Его веселью вторили Бруно и Низиб.
В самом деле, подбирая мундштуки, оба спорщика ошиблись, и каждый взял трубку другого. Не замечая этого и продолжая возвещать о более высоких достоинствах своих излюбленных Табаков, Керабан курил латакие, а ван Миттен — томбеки.
Оба не смогли удержаться от смеха и в конце концов от чистого сердца обменялись рукопожатием, как два друга, чью взаимную привязанность не мог испортить никакой спор даже по такому важному вопросу.
— Лошади запряжены в карету, — сказал Ахмет, — и мы можем ехать.
— Поехали же! — скомандовал Керабан.
Затем он и ван Миттен передали Бруно и Низибу свои наргиле, которые чуть было не превратились в военные орудия, и все заняли места в экипаже.
Но, поднимаясь, Керабан не удержался от того, чтобы сказать тихо своему другу:
— Раз уж вы попробовали, ван Миттен, признайтесь теперь, что томбеки намного превосходит латакие!
— Предпочитаю признаться, — ответил голландец, сердившийся на себя за то, что оспаривал мнение своего друга.
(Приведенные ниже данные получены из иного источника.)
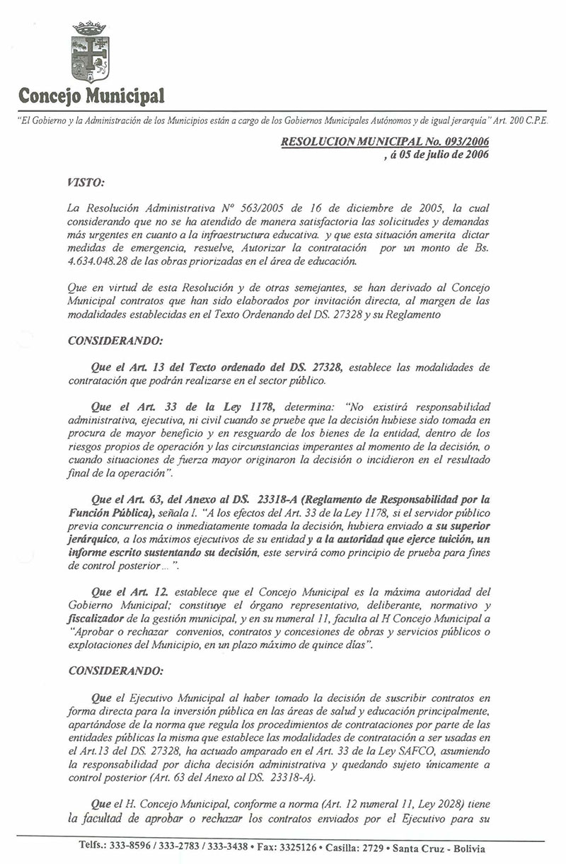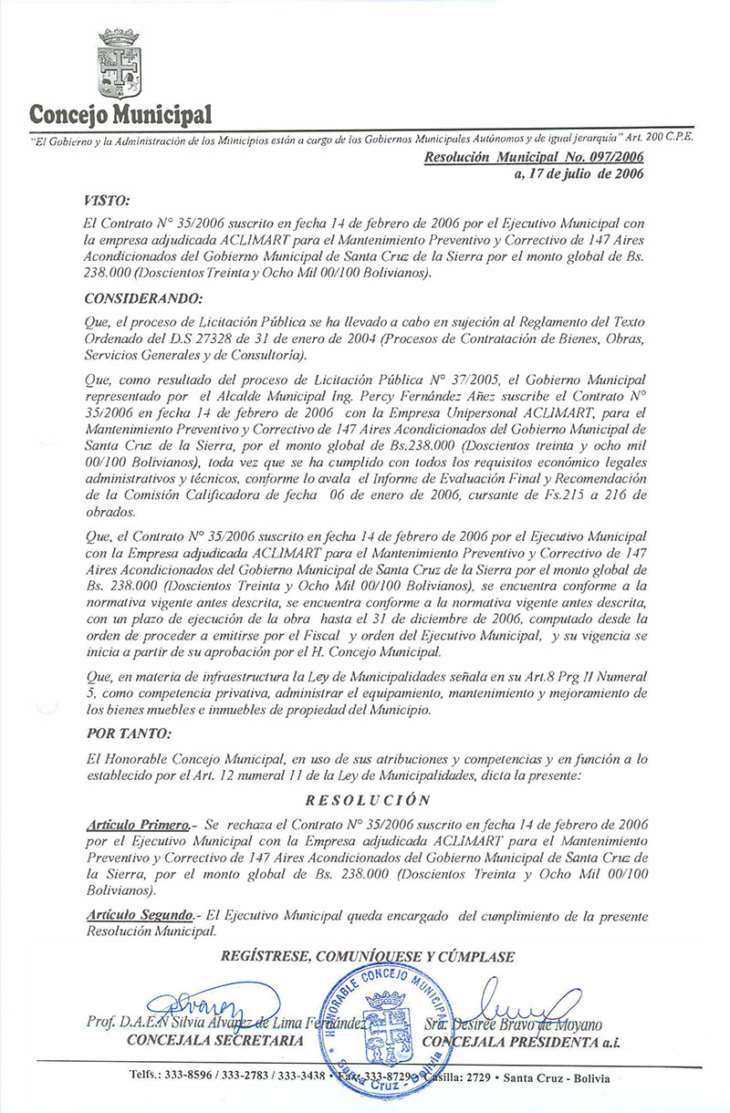 Rechaza el Contrato No. 035/2006, suscrito con la Empresa ACLIMART, relativo al mantenimiento preventivo de los aires acondicionados del Gobierno Municipal.
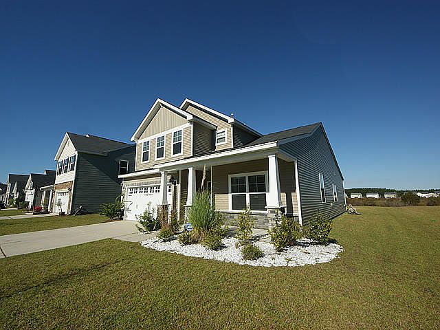 CANE BAY PLANTATION....ON THE WATER! This home is only 3 years old and looks like new! The nicest upgrade is the premium lot....overlooking a pond, the view is absolutely beautiful! No backing up to a neighbor with a privacy fence!! When you arrive, you will immediately notice the stone front upgrade which adds charm to the exterior. Upon entering the home, you will enjoy the flow of the hardwood floors throughout the downstairs except for the master bedroom (carpet) and half bath and laundry (tile)....all nice upgrades! The living room and dining room are open, divided only by columns. The kitchen is a chef's delight! A gas range, granite countertops, stainless appliances (frig stays) and recessed lighting. The kitchen is open to the family room and you can view the back yard and pond from your kitchen sink! The family room is large and will accommodate sectionals and big screen TVs. The master is conveniently located downstairs with window views of the pond. A separate tub and shower, ceramic tile flooring and a nice vanity make up the master bathroom. Also downstairs is a half bath and a laundry room. Venture upstairs and you will love the huge loft/great room which is centrally located and sure to be a favorite room in the house! Three bedrooms and a full bath complete the upstairs. Another favorite spot may be the screened porch that overlooks the pond....what a pretty setting....a great place to relax at the end of a long day. And a new fence has been installed....Great for children and pets! You'll love CANE BAY PLANTATION...schools and shopping within the neighborhood and just a quick trip to the Charleston area beaches, Boeing, and the charming low country! This home has been meticulously maintained...there is a current termite bond and quarterly pest control with Home Defense, a service contract on HVAC unit and a ADT security system. VACANT! CAN CLOSE QUICKLY!
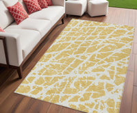 5' X 8' Gold And White Abstract Washable Non Skid Indoor Outdoor Area Rug
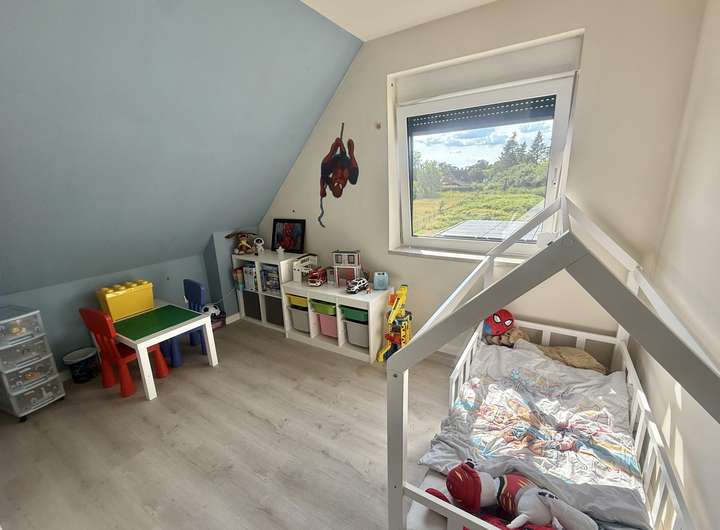 Das Obergeschoss bietet Ihnen optimal geschnittene Zimmer, die sich flexibel als Schlaf-, Kinder- oder Arbeitszimmer nutzen lassen. Durchdachtes Wohnen mit klaren Linien und viel Tageslicht steht im Vordergrund.
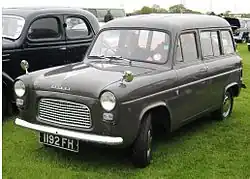 It was a two-door, four-seat estate design, related to the Ford Prefect 100E four-door saloon, sharing the same 1,172 cc (71.5 cu in) Ford sidevalve 36 bhp (27 kW) engine and other parts and the same interior trim. It was substantially shorter than both the Prefect and the closely related Ford Anglia 100E two-door saloon. It used the short front doors of the four-door model because the bodyshell was optimized for use as a panel van (which was marketed as the Thames 300E). The rear door was in two pieces split horizontally. The rear seat could be folded flat to convert from a four-seater to a load carrier. Until 1957 there were wood trim pieces screwed to the sides of the vehicle.

— Спасибо, друг ван Миттен, — поблагодарил Керабан, взволнованный такой снисходительностью, — вот признание, которого я никогда не забуду!
И оба скрепили еще одним мощным рукопожатием новый пакт о дружбе, который никогда не должен был нарушиться.
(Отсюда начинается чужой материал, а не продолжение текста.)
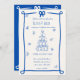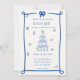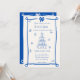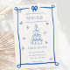 Diese trendige, handgezeichnete illustrierte Hochzeitseinladung besticht durch einen knackigen Bogen und einen Champagnerturm. Das skurrile und sonderbare Design beinhaltet handgeschriebenen Schriftart und Festdoodles. Mediterraner Blau-Weiß-Stil für klassische und moderne Hochzeitsfeste.
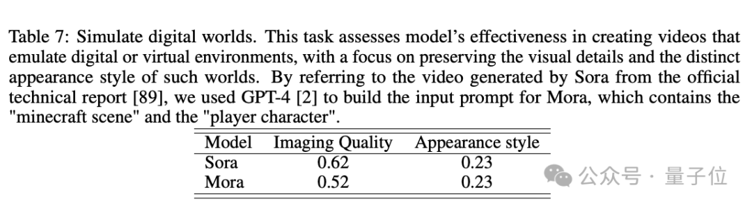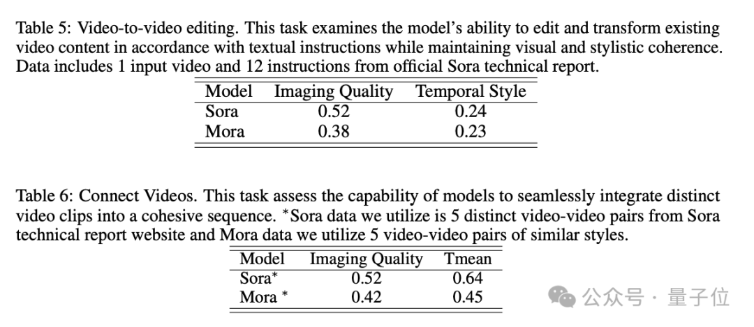 最终,在各个任务中,Mora的表现都接近Sora。
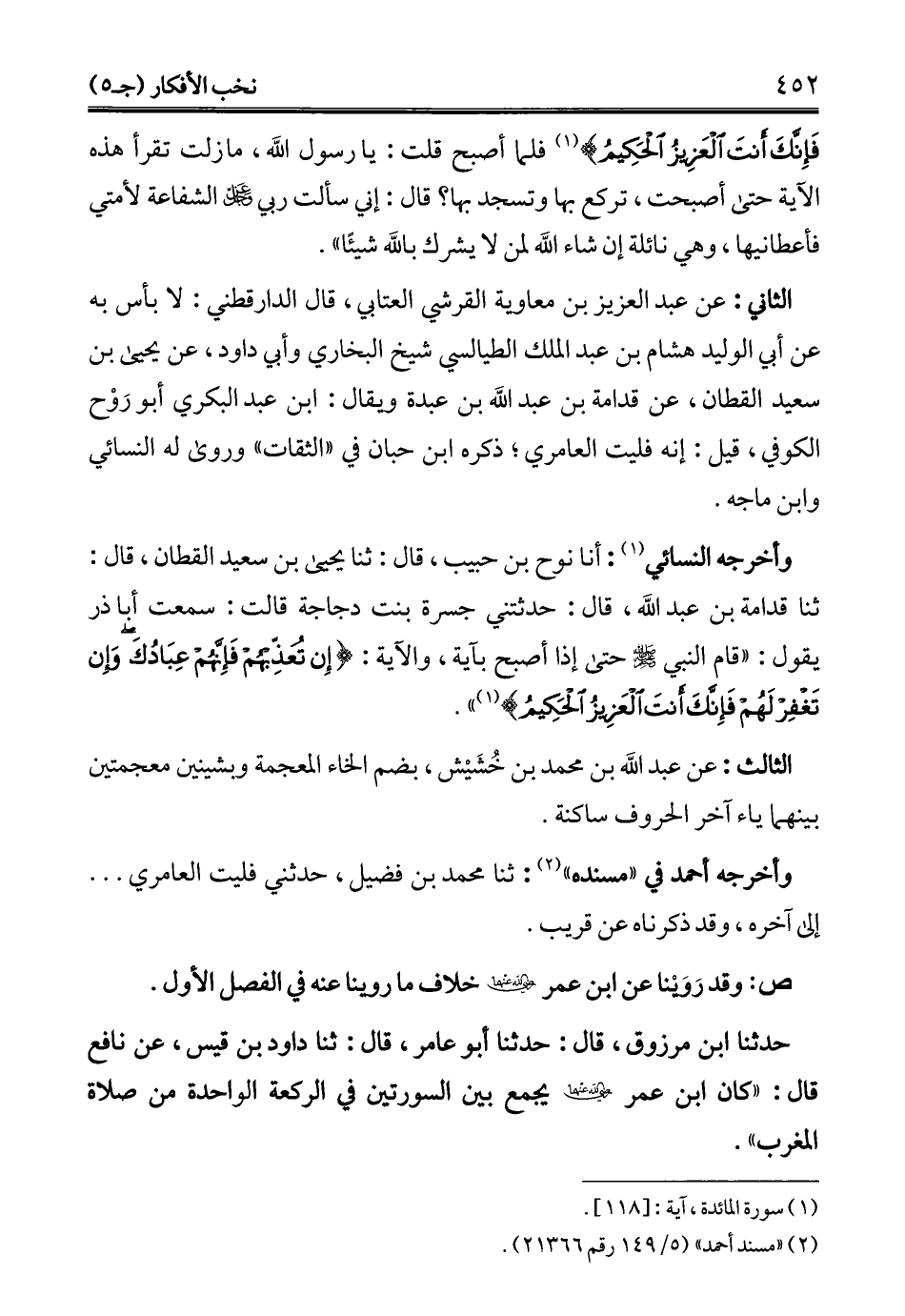 وأخرجه النسائي (1): أنا نوح بن حبيب، قال: ثنا يحيى بن سعيد القطان، قال: ثنا قدامة بن عبد الله، قال: حدثتني جسرة بنت دجاجة قالت: سمعت أبا ذر يقول: "قام النبي - صلى الله عليه وسلم - حتى إذا أصبح بآية، والآية: {إِنْ تُعَذِّبْهُمْ فَإِنَّهُمْ عِبَادُكَ وَإِنْ تَغْفِرْ لَهُمْ فَإِنَّكَ أَنْتَ الْعَزِيزُ الْحَكِيمُ} (1) ".
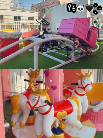 まずは屋上庭園でジェットコースターとメリーゴーランドを堪能🎠🎡🎢

Тем временем, уносимая галопом своей упряжки, карета быстро катилась по прибрежной дороге.
В восемь часов вечера была достигнута граница Абхазии; спутники остановились на почтовой станции и легли спать до следующего утра.
Глава семнадцатая,
Абхазия представляет собой отдельную кавказскую провинцию. Гражданский способ правления в ней не введен до сих пор, и здесь все подчинено военному режиму. На юге границей Абхазии служит река Ингури, чьи воды отделяют Абхазию от Мегрелии, Кутаисской губернии.
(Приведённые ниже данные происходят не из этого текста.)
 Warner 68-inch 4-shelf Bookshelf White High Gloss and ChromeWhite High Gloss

Абхазия — прекрасная область, одна из богатейших на Кавказе, однако система управления не способствует извлечению пользы из ее богатств. Жители Абхазии только-только начинают становиться собственниками земли, до того полностью принадлежавшей правившим князьям из персидской династии. Поэтому местные жители еще полудики, едва представляют себе идеи времени, не имеют письменного языка и разговаривают на диалекте, который соседи не понимают, так как он настолько беден, что в нем нет слов для выражения даже самых элементарных понятий.